Background technology
In the design and realization of fail-safe software, warning function is one of common function, when anomalous event takes place, need carry out Realtime Alerts to the user.In the prior art, the software type of alarm adopts mail to report to the police usually, and operating system windows receives warning message, technical schemes such as operating system pop-up window.Common implementation method is that every kind of type of alarm is packaged into application programming interfaces (API), calls for required user.The execution of warning API can spend the regular hour, if each caller is all directly carried out API, time of return will prolong, and influences the real-time of caller program; On the other hand, if different callers is carried out API simultaneously, may cause with a kind of mode and block in the resource of internal system.This method can realize its function in small-sized system, and can't satisfy the requirement of large-scale real-time system, and this is because on the one hand, each type of alarm may spend some times, influences the real-time of caller routine processes; On the other hand, different callers directly sends warning, may cause with a kind of mode and block in the resource of internal system, can't carry out synchro control.
Summary of the invention
For overcoming the deficiencies in the prior art, the object of the present invention is to provide a kind of alerting signal disposal route based on message queue, be used to realize general security alarm, with all the incident unified managements that need report to the police in the computer security network system.

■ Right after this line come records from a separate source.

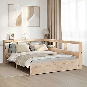 vidaXL Säng med bokhylla utan 150x200cm madrass massiv furu
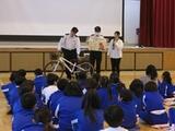 本日、講師をお招きし、交通安全教室を行いました。 あいにくの雨模様となったため、運動場での実技に代わり、体育館での実施となりました。
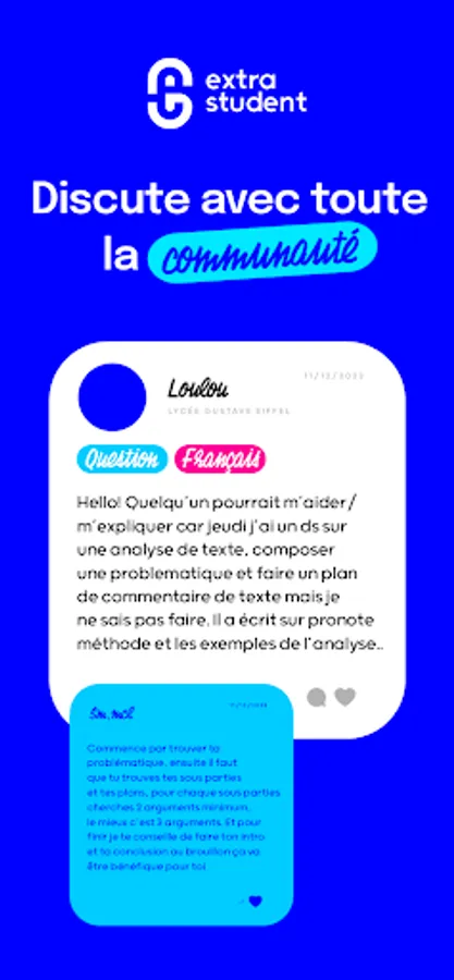 The extrastudents (application users) can benefit from thousands of documents (study guides, presentations, homework…) to study from, a strong community of tight-knit students who can provide answers to their questions as well as help from college students with orientation. They can also contribute by posting their documents and engaging on subjects of their choice (topics of interest,... )!
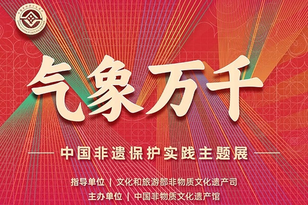 由文化和旅游部非物质文化遗产司指导,中国非物质文化遗产馆主办的《气象万千——中国非遗保护实践主题展》将于2024年6月7日在中国工艺美术馆 中国非物质文化遗产馆开展。共展出国家级非遗代表性项目、列入教科文组织非遗名录名册项目100余项,600多件(套)展品,涵盖非遗的十大门类。通过文字、图片、实物实景、多媒体互动,多角度立体展示形式,呈现非遗守正创新、继古开今的时代风貌。展览着重强调非遗的活态性和丰富性,深度挖掘展示非遗蕴含的文化内涵和时代价值,推动非遗融入当代生活。

For achieving the above object, technical scheme of the present invention is achieved in that the alerting signal disposal route based on message queue, may further comprise the steps at least:
Step 1, use process or thread are the warning message node with event definition after the incident that needs to report to the police is arranged, and are increased in the node formation and go, and send the signal that adds node to warning process or thread;
Step 2, warning process or thread are arranged warning message node, the formation of maintenance alert messages node, the node in the synchro control formation;
Step 3, warning process or thread circulate from the formation of warning node and take out a node, according to the type of alarm of node record, and Realtime Alerts, this node of back deletion of reporting to the police.
In said method, judge earlier when also comprising the operation of warning process or thread before the step 1 whether alarm queue is empty, if be empty, waits the signal of node to be added, takes out the step that node begins to handle then from formation.
Also comprising that alert event disposes after the step 3 hangs up warning process or thread, waits for that the signal that node is arranged produces, and continues to handle the step of alert event.
In said method, the pointer alignment of first in first out is adopted in the formation of the said message node of step 1; Said warning message node records time, source, the content of alert event and the type of alarm that need take at least.
When said synchro control is meant adding and takes out the warning node in the step 2 formation is locked, to realize synchro control.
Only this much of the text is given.